▶ EXERCISE REQUIREMENTS:
Within the listing below, please copy exactly the lines between the line holding "看一下将'Horse'马,随机翻转和随机抖动的效果" and the line holding "Vintage Turkish Rug, 3,5x3,5", inclusive.

▶ DATA TO USE:
Segment Open
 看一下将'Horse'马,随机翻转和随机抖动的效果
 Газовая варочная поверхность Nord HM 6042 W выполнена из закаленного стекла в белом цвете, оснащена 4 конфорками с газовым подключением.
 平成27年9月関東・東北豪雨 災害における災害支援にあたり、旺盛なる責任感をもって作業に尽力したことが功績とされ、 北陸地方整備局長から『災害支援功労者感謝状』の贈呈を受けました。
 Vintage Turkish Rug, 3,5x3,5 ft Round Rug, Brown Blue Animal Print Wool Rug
Segment Closed
Segment Open
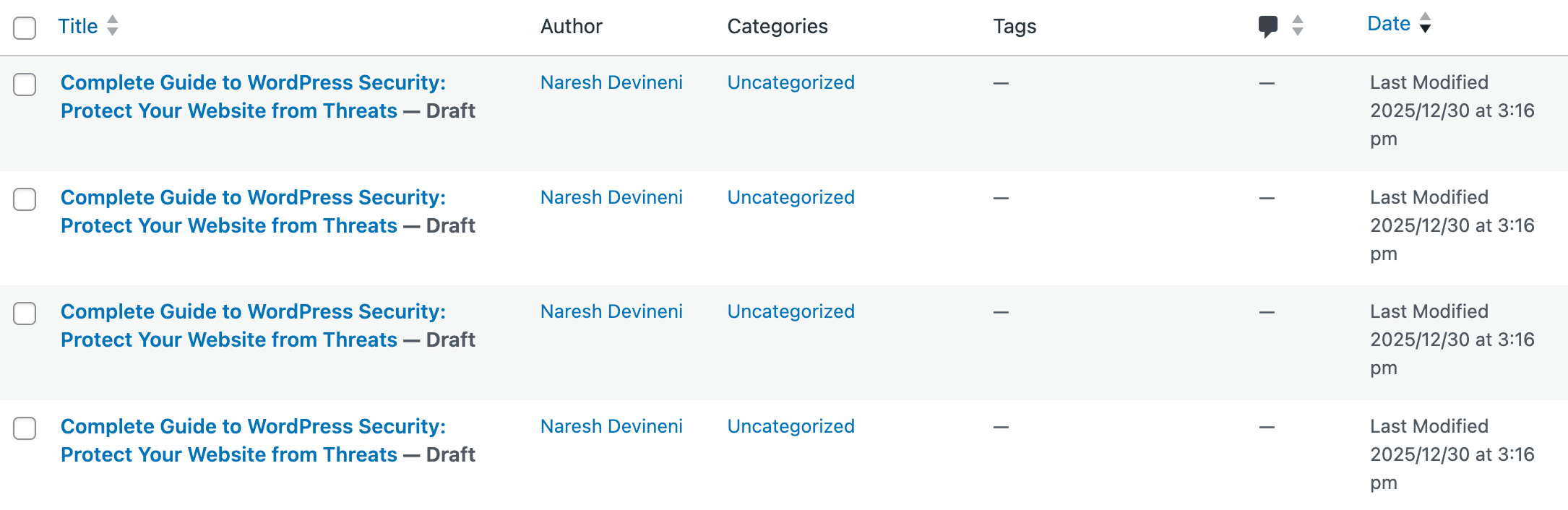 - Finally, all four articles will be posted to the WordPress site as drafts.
Segment Closed
▶ RESPONSE TO THIS EXERCISE:
 看一下将'Horse'马,随机翻转和随机抖动的效果
 Газовая варочная поверхность Nord HM 6042 W выполнена из закаленного стекла в белом цвете, оснащена 4 конфорками с газовым подключением.
 平成27年9月関東・東北豪雨 災害における災害支援にあたり、旺盛なる責任感をもって作業に尽力したことが功績とされ、 北陸地方整備局長から『災害支援功労者感謝状』の贈呈を受けました。
 Vintage Turkish Rug, 3,5x3,5 ft Round Rug, Brown Blue Animal Print Wool Rug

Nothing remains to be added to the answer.